* [What is expected]:
This exercise calls for the whole listing to be given again exactly, without images.

* [Data excerpt]:
----

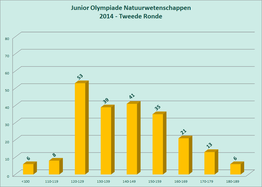In totaal behaalden 237 leerlingen de cesuur van 161 (/240) waardoor ze zich plaatsten voor de tweede ronde van de Junior Olympiade Natuurwetenschappen. Hun leraren bevestigen hun deelname aan de tweede ronde
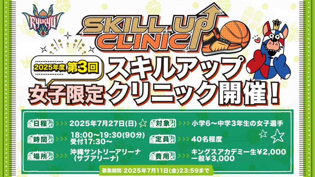この度、琉球ゴールデンキングスアカデミーでは7月27日(日)に「2025年度 第3回 女子限定スキルアップクリニック」を開催いたします。
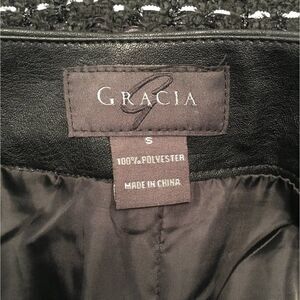 Gracia women skirt. Full zipper down the front of the skirt. Leather waist bank. Zippered pockets on front of skirt. Design in skirt. Dashes of silver and white threads throughout skirt.. Small kick pleat in back of skirt.

----

* [Output for this exercise]:
In totaal behaalden 237 leerlingen de cesuur van 161 (/240) waardoor ze zich plaatsten voor de tweede ronde van de Junior Olympiade Natuurwetenschappen. Hun leraren bevestigen hun deelname aan de tweede ronde
この度、琉球ゴールデンキングスアカデミーでは7月27日(日)に「2025年度 第3回 女子限定スキルアップクリニック」を開催いたします。
 Gracia women skirt. Full zipper down the front of the skirt. Leather waist bank. Zippered pockets on front of skirt. Design in skirt. Dashes of silver and white threads throughout skirt.. Small kick pleat in back of skirt.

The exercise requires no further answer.